● What to work on
Return the stretch from the line with "A creative kit" through the line with "More later, I" in the data below, character for character, skipping all pictures.

● Information provided
##############################
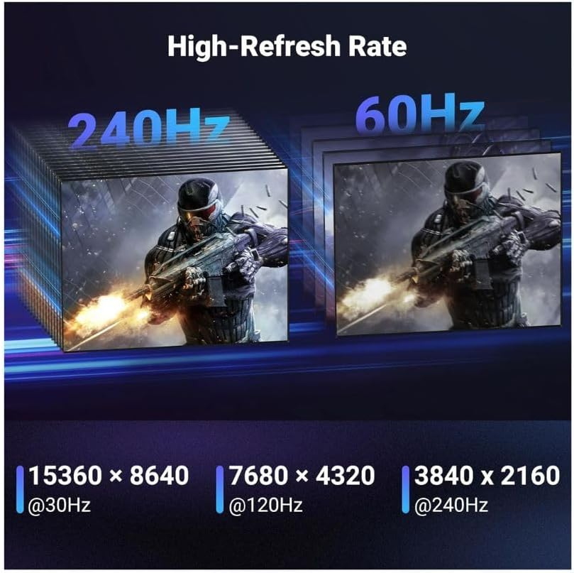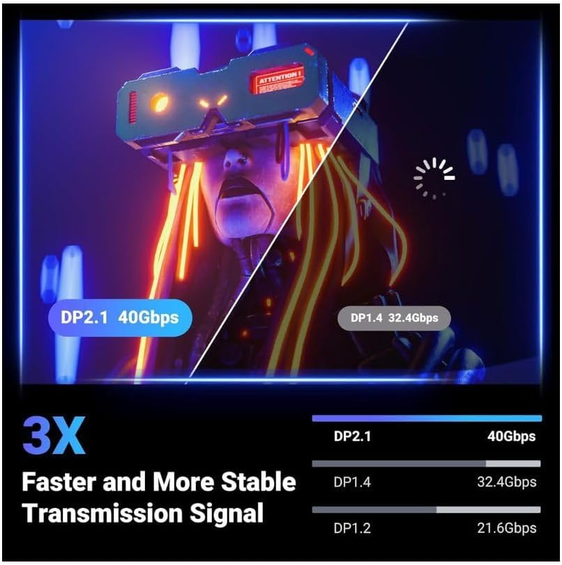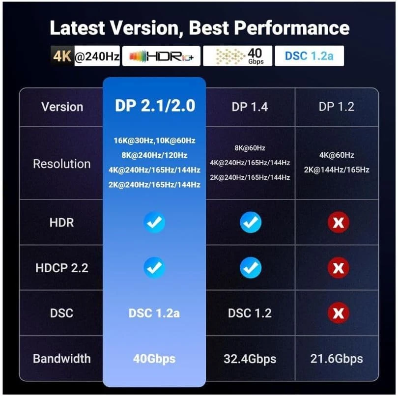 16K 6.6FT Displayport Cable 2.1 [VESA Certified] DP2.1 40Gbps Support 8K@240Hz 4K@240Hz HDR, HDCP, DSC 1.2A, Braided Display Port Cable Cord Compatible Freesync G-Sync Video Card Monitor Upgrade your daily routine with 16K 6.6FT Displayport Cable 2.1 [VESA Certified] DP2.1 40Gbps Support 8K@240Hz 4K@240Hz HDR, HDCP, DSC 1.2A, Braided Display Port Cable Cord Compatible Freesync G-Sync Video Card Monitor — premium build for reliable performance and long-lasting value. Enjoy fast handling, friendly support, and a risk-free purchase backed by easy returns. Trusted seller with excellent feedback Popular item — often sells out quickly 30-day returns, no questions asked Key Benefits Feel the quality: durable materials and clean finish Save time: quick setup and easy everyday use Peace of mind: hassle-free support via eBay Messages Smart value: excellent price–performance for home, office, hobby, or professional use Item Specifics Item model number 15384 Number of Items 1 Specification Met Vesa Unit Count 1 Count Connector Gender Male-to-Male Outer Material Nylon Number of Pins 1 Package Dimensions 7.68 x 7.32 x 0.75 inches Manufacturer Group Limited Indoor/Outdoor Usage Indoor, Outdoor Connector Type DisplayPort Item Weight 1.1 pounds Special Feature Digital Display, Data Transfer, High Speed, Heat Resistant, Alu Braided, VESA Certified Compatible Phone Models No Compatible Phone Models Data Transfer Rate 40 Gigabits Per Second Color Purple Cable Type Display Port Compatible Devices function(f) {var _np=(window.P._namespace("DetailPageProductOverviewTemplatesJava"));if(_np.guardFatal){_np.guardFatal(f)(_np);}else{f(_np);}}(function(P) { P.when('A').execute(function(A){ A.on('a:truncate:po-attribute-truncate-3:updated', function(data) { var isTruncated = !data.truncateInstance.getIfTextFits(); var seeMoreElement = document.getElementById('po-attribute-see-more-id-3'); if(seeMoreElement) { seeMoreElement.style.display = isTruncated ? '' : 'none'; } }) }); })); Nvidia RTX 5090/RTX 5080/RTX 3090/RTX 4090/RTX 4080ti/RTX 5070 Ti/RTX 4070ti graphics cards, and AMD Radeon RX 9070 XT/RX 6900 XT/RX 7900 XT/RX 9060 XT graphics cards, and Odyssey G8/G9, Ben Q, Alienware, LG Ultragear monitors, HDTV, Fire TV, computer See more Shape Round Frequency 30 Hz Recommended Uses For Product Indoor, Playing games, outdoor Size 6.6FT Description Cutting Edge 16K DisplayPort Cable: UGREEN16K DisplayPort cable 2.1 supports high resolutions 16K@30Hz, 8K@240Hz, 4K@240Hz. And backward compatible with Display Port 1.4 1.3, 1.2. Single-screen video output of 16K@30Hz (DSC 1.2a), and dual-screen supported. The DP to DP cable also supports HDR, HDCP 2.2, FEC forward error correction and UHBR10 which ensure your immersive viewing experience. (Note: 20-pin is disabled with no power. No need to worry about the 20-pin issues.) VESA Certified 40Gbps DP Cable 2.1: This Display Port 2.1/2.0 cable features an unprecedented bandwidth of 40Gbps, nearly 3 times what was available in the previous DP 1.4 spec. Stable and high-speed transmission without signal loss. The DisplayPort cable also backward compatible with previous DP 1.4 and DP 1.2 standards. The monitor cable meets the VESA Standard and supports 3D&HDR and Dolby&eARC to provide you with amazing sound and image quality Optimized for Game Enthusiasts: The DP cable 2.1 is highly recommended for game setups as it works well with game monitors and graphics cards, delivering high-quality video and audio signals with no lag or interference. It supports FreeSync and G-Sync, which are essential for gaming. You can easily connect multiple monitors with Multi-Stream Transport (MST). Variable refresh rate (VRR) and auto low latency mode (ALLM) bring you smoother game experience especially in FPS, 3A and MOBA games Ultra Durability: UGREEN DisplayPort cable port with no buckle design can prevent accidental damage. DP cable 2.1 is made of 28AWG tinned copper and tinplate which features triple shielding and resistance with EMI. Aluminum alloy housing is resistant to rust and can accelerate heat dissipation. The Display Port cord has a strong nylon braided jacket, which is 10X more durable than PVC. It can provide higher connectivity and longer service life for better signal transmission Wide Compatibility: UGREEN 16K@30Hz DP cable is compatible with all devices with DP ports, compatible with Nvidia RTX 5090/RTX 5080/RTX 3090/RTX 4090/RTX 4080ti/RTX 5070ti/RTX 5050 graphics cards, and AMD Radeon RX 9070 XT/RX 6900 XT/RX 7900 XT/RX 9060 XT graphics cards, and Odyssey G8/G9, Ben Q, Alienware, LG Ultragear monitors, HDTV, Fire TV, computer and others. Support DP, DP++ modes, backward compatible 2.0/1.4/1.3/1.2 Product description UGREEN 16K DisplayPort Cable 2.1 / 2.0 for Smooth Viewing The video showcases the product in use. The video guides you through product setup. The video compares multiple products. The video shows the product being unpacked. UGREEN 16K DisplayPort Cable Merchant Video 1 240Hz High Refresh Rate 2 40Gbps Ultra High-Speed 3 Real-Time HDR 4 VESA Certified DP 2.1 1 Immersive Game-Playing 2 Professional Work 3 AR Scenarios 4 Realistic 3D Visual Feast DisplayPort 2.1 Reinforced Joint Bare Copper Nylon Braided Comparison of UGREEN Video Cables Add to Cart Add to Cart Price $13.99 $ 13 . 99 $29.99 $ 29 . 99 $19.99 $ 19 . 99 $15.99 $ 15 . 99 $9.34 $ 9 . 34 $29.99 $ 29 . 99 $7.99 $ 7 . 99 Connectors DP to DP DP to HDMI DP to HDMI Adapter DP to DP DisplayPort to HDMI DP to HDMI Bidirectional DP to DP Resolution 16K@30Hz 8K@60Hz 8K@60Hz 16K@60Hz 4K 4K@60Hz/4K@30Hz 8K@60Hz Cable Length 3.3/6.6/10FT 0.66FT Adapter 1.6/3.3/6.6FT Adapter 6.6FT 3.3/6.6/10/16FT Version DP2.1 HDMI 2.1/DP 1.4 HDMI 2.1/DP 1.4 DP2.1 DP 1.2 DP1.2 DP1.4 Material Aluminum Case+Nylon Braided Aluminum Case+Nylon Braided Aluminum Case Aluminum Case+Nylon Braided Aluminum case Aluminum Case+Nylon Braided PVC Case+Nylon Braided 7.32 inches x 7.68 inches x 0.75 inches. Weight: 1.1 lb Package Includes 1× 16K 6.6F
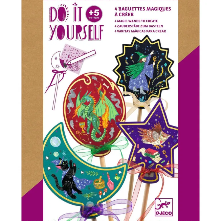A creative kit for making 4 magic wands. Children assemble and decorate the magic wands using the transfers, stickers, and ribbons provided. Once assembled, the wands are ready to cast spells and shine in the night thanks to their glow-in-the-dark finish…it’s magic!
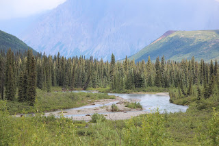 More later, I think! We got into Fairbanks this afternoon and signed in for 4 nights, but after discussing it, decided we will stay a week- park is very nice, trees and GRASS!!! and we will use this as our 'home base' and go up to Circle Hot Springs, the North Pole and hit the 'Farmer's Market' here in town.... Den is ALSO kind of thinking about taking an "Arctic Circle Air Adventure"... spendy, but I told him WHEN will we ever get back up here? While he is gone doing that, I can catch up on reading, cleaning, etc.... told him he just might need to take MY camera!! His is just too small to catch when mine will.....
##############################
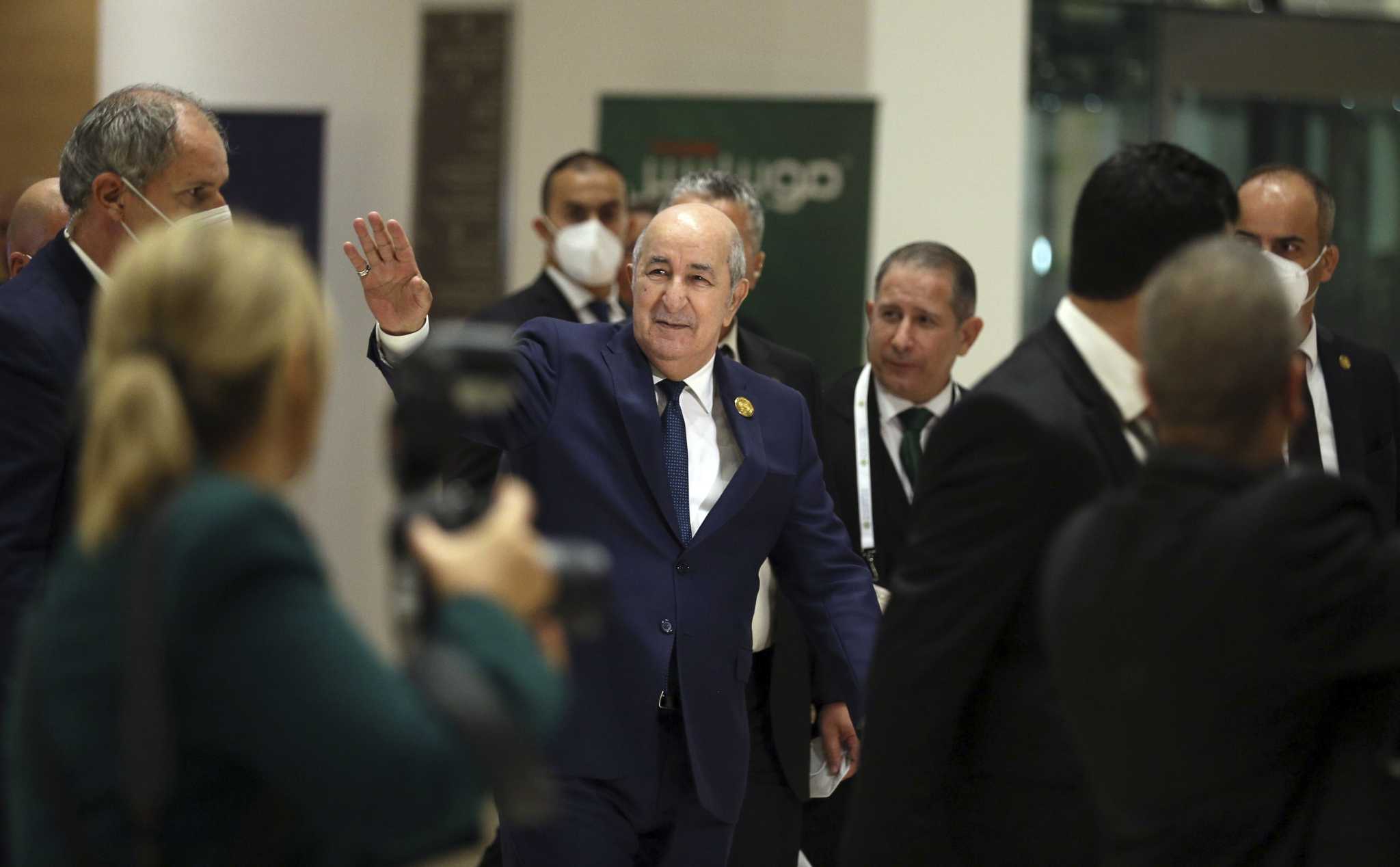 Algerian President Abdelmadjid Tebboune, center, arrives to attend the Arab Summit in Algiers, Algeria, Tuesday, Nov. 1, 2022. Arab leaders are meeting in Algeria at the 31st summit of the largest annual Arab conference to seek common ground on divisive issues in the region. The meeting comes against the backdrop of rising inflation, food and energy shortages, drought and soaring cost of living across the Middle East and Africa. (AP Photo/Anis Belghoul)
##############################
● Response box
A creative kit for making 4 magic wands. Children assemble and decorate the magic wands using the transfers, stickers, and ribbons provided. Once assembled, the wands are ready to cast spells and shine in the night thanks to their glow-in-the-dark finish…it’s magic!
 More later, I think! We got into Fairbanks this afternoon and signed in for 4 nights, but after discussing it, decided we will stay a week- park is very nice, trees and GRASS!!! and we will use this as our 'home base' and go up to Circle Hot Springs, the North Pole and hit the 'Farmer's Market' here in town.... Den is ALSO kind of thinking about taking an "Arctic Circle Air Adventure"... spendy, but I told him WHEN will we ever get back up here? While he is gone doing that, I can catch up on reading, cleaning, etc.... told him he just might need to take MY camera!! His is just too small to catch when mine will.....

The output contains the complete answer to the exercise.